Reputation: 27
hello is there a way to print out the absolute frequencies of each word in a cluster? My Code looks like this:
vectorizer = TfidfVectorizer()
X = vectorizer.fit_transform(list)
true_k = 4
model = KMeans(n_clusters=true_k, init='k-means++', max_iter=100, n_init=1)
model.fit(X)
print("Top terms per cluster:")
order_centroids = model.cluster_centers_.argsort()[:, ::-1]

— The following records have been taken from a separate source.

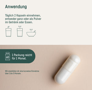 Täglich 2 Kapseln mit Wasser einnehmen, entweder ganz schlucken oder geöffnet als Pulver im Getränk oder Essen beigeben.
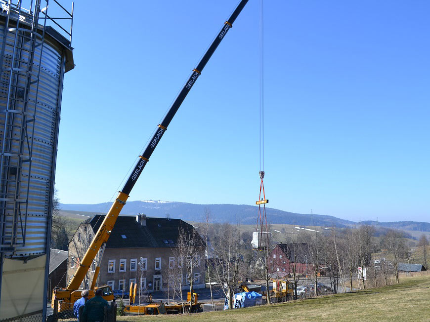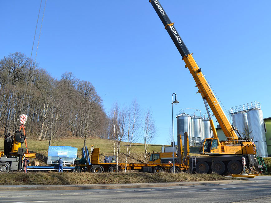 Aufgrund der benötigten Ausladung von über 30 Metern haben wir unseren größten Autokran AC 140 eingesetzt. Über eine Dachöffnung wurde die alte Anlage aus dem Gebäude gehoben und auf einem Tieflader abgesetzt. Die neue Abfüllanlage wurde dann ebenfalls über die Dachöffnung ins Innere verbracht und an ihrem Standort positioniert. Koordiniert wurde der Einsatz über Funkanweisungen.
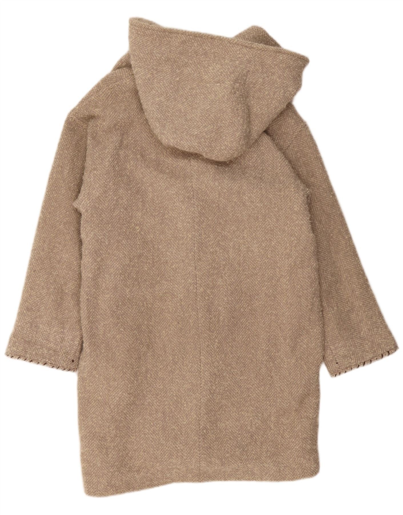 VINTAGE Damen Übergroßer Kapuzenmantel UK 10 Small Beige Herringbone
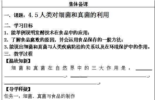教案下载地址:第五单元第四章:人类对细菌和真菌的利用
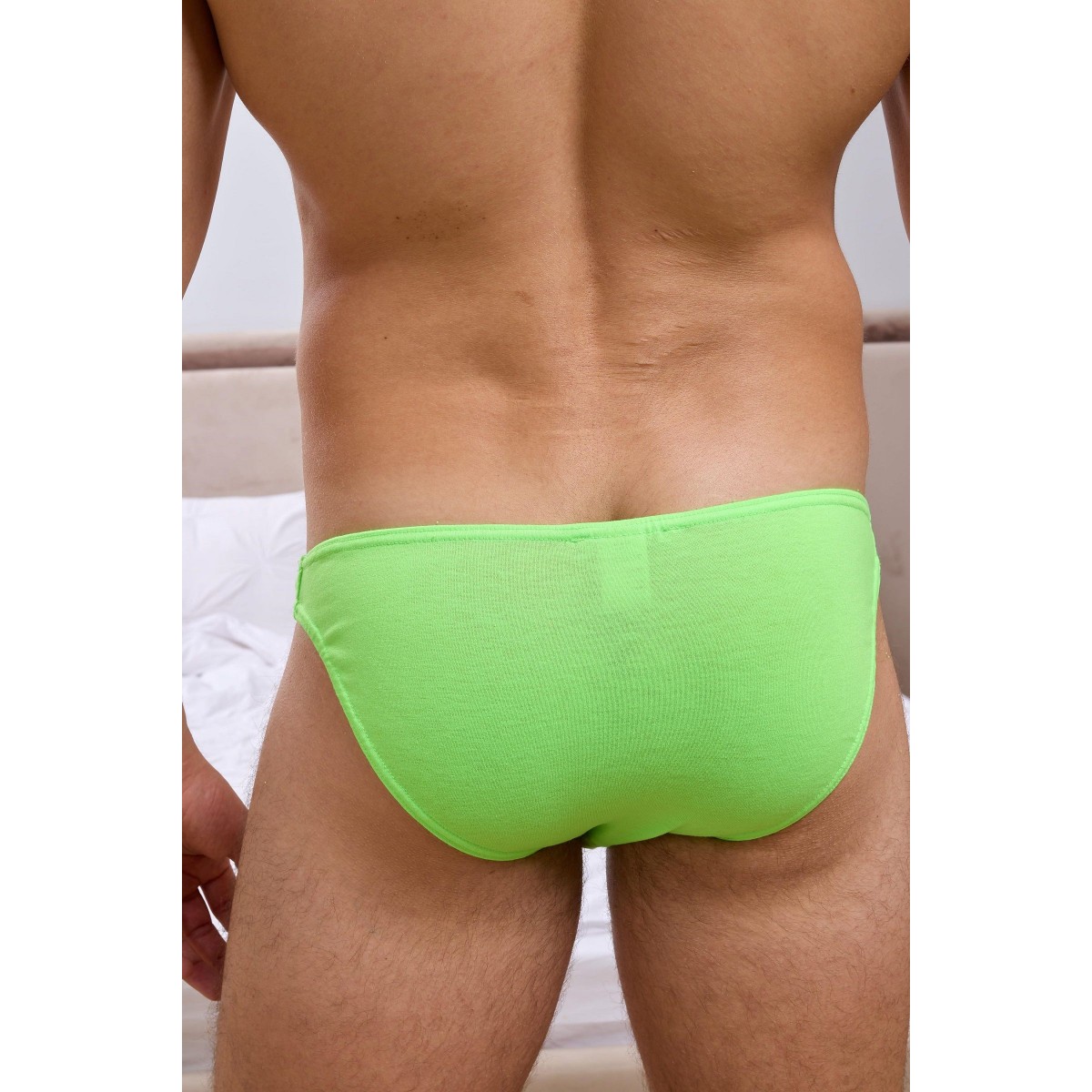 Салатовые мужские трусы-слипы с узким бочком.
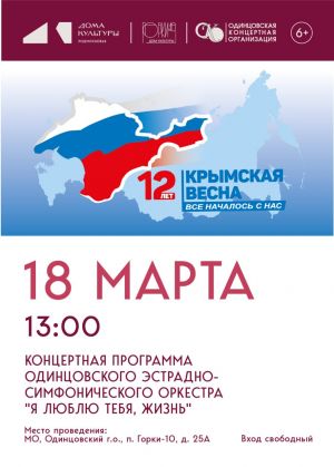 18 марта в Сельском доме культуры «Горки-10» состоится патриотический концерт Одинцовского эстрадно-симфонического оркестра «Я люблю тебя, жизнь», посвящённый 12-той годовщине воссоединения полуострова Крым с Российской Федерацией.
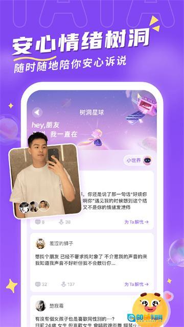 树洞倾诉:披上社交外衣诉说心事,内向的人也能找到专属的宣泄出口,收获一份温暖的拥抱,总有一颗心能与你共鸣。
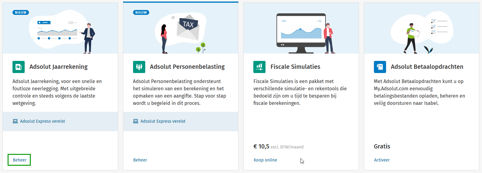 - Op de tegel van Adsolut Jaarrekening klik je op Beheer
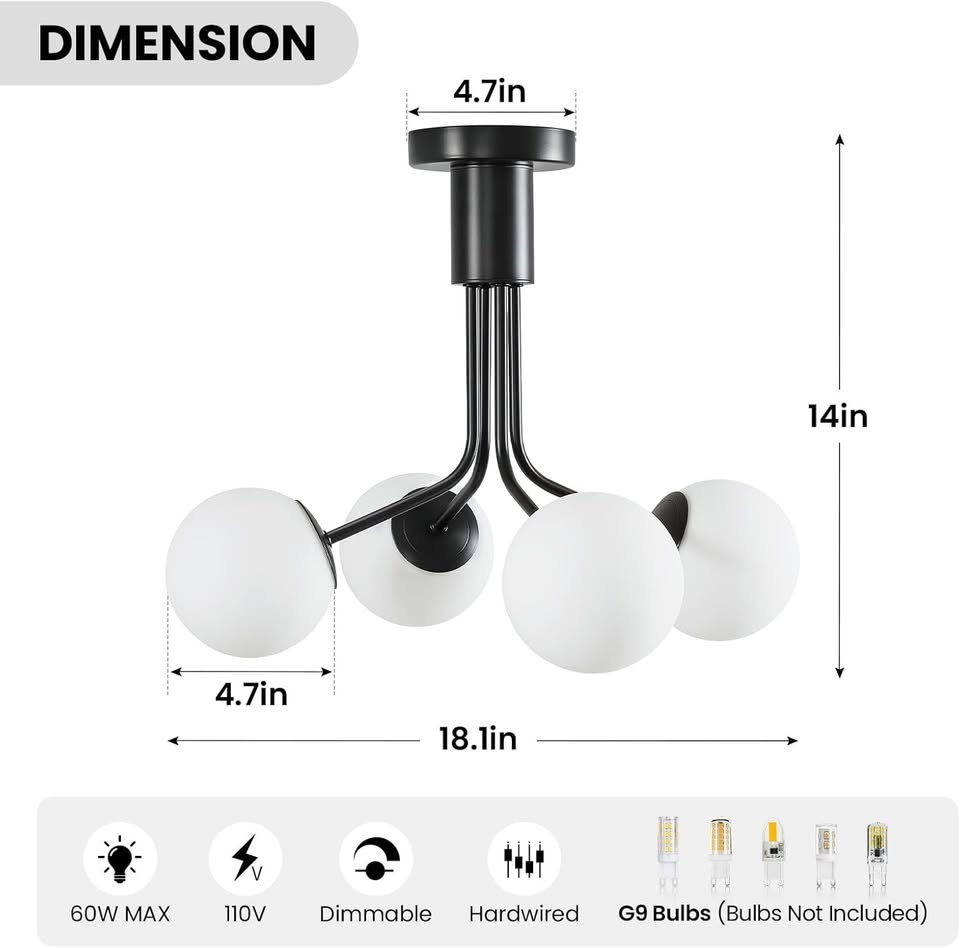 - Semi flush mount ceiling fixture
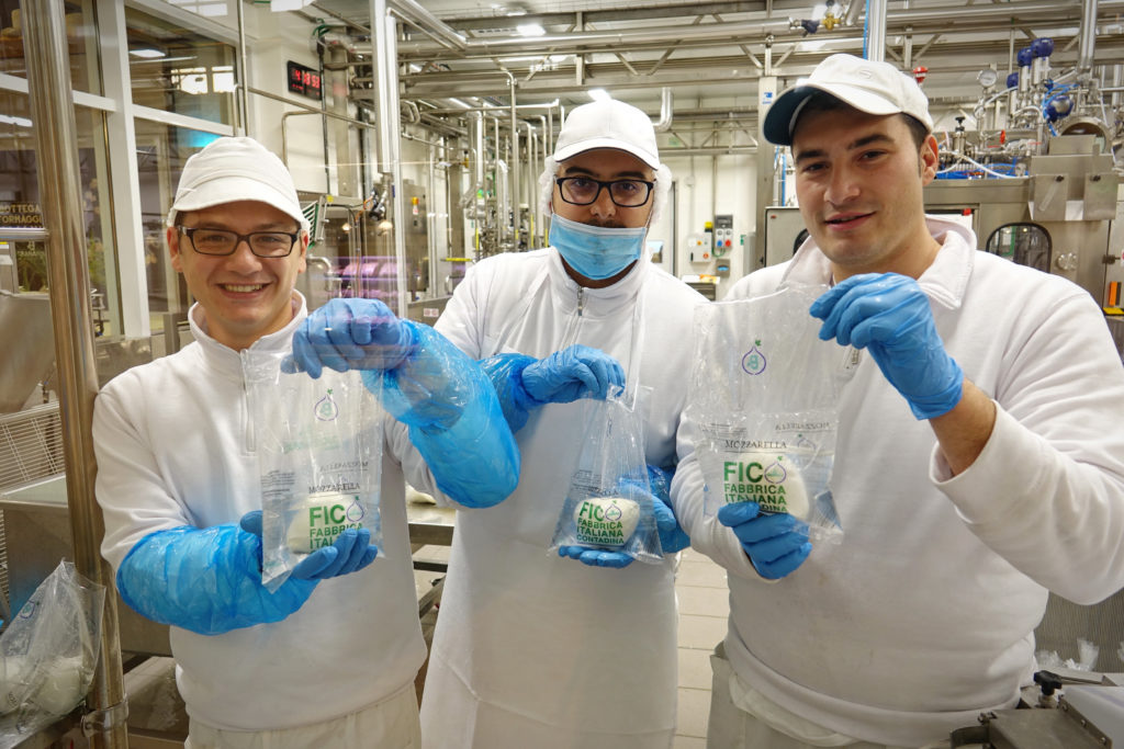 All’interno del parco sono presenti anche delle vere e proprie fabbriche (13 per la precisione), in cui viene prodotta la birra artigianale, il Grana Padano, la Mortadella di Bologna e così via. Tra queste c’è anche la centrale del latte di Granarolo, un’azienda nata 60 anni fa proprio a pochi chilometri da dove ore sorge Fico. “Non potevamo mancare” racconta Gianpiero Calzolari, presidente di Granarolo. “Nel nostro spazio abbiamo allestito una fabbrica dove è possibile vedere come nasce e come si “costruisce” una mozzarella. – prosegue Calzolari, che ci spiega anche come l’obiettivo più ampio dell’azienda sia quello di – raccontare cosa c’è dietro a un litro di latte: tutta la filiera dalla terra, alla stalla, alla fabbrica, fino alla logistica e al fine vita dei prodotti”.
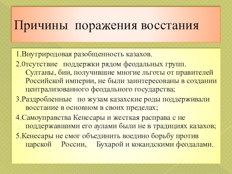 2.0тсутствие поддержки рядом феодальных групп. Султаны, бии,
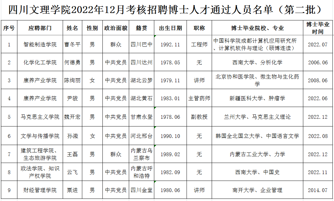 按照《四川文理学院2022年博士人才招聘公告》,经过初试(初审)、复试考核程序,现将四川文理学院2022年12月考核招聘博士人才通过人员名单(第二批)予以公布,请报考者注意查阅。
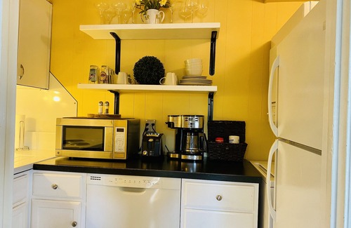 Enjoy nesting in 490ft of space with a designated parking spot just outside your door! This nesting destination offers hardwood floors throughout, a bedroom with King bed temperpedic mattress, 40” bedroom tv, living room with 50” tv, sofa sleeper, loveseat and dining area, with equipped kitchenette with cooktop, oven, microwave, full refrigerator, dishwasher, stacked clothes washer and dryer coffee maker, 2020 50” smart tv offers a YOUTUBETV streaming subscription, or access guests own accounts with the strongest Comcast WiFi available.
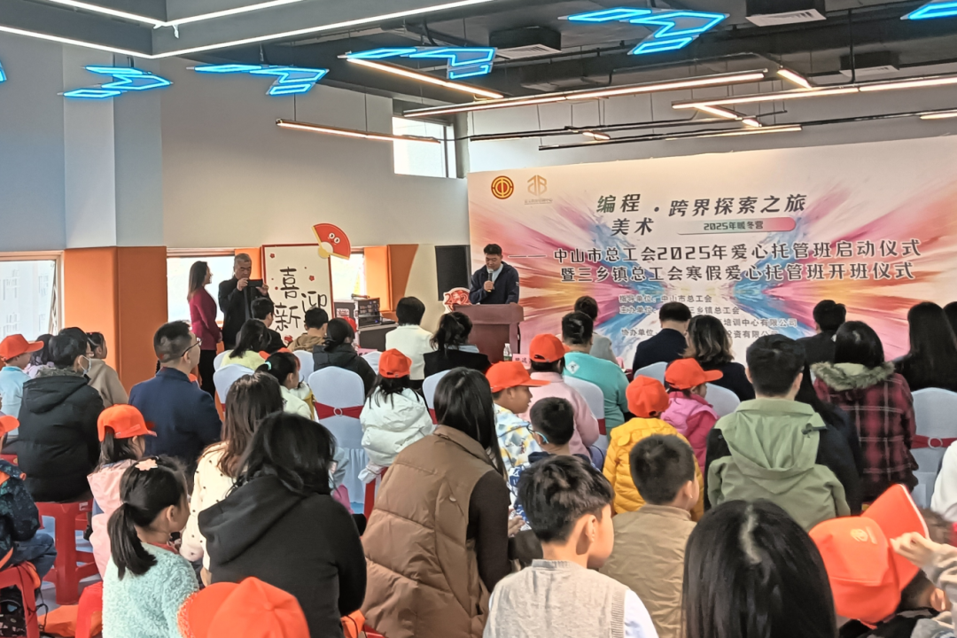 近日,中山市总工会2025年爱心托管班启动仪式暨三乡镇总工会寒假爱心托管班开班仪式在三乡镇嘉宝教育培训中心举行。托管班以“编程+美术·跨界探索之旅”为主题,共设两期课程,内容紧密围绕儿童成长的多元化需求,惠及职工子女100名。
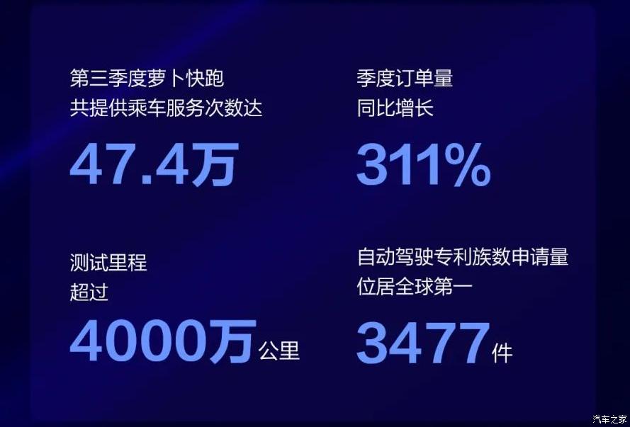 据百度Q3财报数据显示,2022年第三季度萝卜快跑订单量超过47.4万,同比增幅高达311%,环比增幅高达65%。其中,武汉重庆两地的全无人自动驾驶订单量增长迅速;此外,在北上广三个一线城市,平均单车日订单量15次以上,逼近传统网约车服务的日均订单量。

terms = vectorizer.get_feature_names()
for i in range(true_k):
print("Cluster %d:" % i,)
for ind in order_centroids[i, :5]:
print(' %s' % terms[ind],)
print
My results are e.g.:
Top Terms per Cluster:
Cluster 0:
house
roof
table
chair
tv
Cluster 1:
...
But I want something like this, with absolute frequencies of each word:
Cluster 0:
house 65
roof 45
table 44
chair 33
tv 18
Thank you in advance :)
Upvotes: 0
Views: 542
Reputation: 701
Not sure what is the need of tfidfvectorizer on words. But anyway using kmeans just predict on the cluster label for each word. And simply check word frequency in each cluster by doing a df[df.cluster==#somelabel].words.value_counts
import pandas as pd
from sklearn.feature_extraction.text import TfidfVectorizer
from sklearn.cluster import KMeans
words = ['this','is','a','very','long','text','my','name','is','not','cortana','today','I','will',
'write','a','long','text','I','am','from','planet','earth','this','text','does','not','make',
'sense']
#tfidf
vectorizer = TfidfVectorizer()
X = vectorizer.fit_transform(words)
#kmeans
true_k = 4
model = KMeans(n_clusters=true_k, init='k-means++', max_iter=100, n_init=1)
model.fit(X)
lab = model.predict(X)
#save cluster labels for each sample in a dataframe
df = pd.DataFrame({'words':words, 'cluster':lab})
#check word freq for cluster==1
df[df.cluster==1].words.value_counts()
Upvotes: 2